Description
Constraint Satisfaction Problems (CSPs) provide a unifying framework for capturing a wide array of computational problems. A basic notion in this landscape is that of redundancy: a constraint is redundant if it is logically implied by the rest. The study of
non-redundancy—instances where no constraint is redundant—has recently emerged as a surprisingly powerful lens for understanding core questions in sparsification, kernelization, extremal combinatorics, and universal algebra.

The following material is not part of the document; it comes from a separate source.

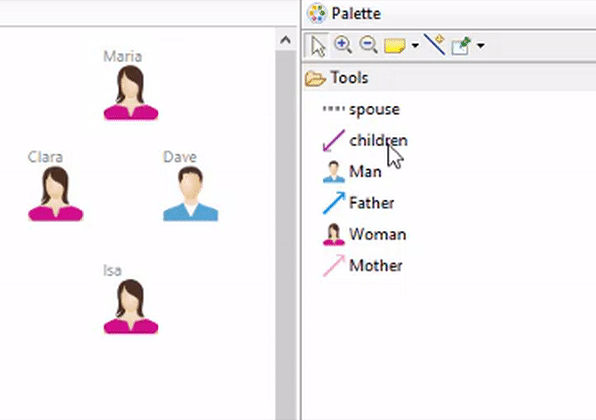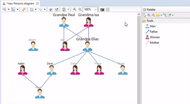 This tool, available in the top of the palette, automatically proposes a set of possible relations. Based on the edge creation tools that you have defined, this new tool selects the ones that are compliant with the source and target objects selected by the end-user.

In this talk, I will describe a recent line of work that systematically develops the theory of CSP non-redundancy. A central
result (with J. Brakensiek, STOC 2025) shows that the sparsifiability of any CSP is determined—up to polylogarithmic factors—by its non-redundancy. This unifies and significantly extends known sparsification results for graph cuts, linear codes, and various CSP classes. The proof involves a novel application of the entropy method, inspired by Gilmer’s recent breakthrough on the union-closed sets conjecture.
In follow-up work (with J. Brakensiek, B. Jansen, V. Lagerkvist, and M. Wahlström), we construct explicit CSP predicates whose
non-redundancy scales as Θ(n^r) for every rational r ≥ 1, revealing a rich and previously unanticipated spectrum. We also develop an algebraic theory of conditional non-redundancy via pattern polymorphisms, drawing connections to Turán-type extremal problems in graphs and hypergraphs. Further extending this theory, we revisit the notion of Mal’tsev embeddings—the most general known technique for proving linear non-redundancy. Introducing a new tool, Catalan polymorphisms, we resolve several structural questions about Mal’tsev embeddings, including the construction of a predicate whose embedding arises not from an Abelian group, but from the quantum Pauli group.
This work illustrates how the seemingly modest notion of redundancy unfolds into a deep and multifaceted theory, bridging ideas from combinatorics, algebra, logic, and theoretical computer science.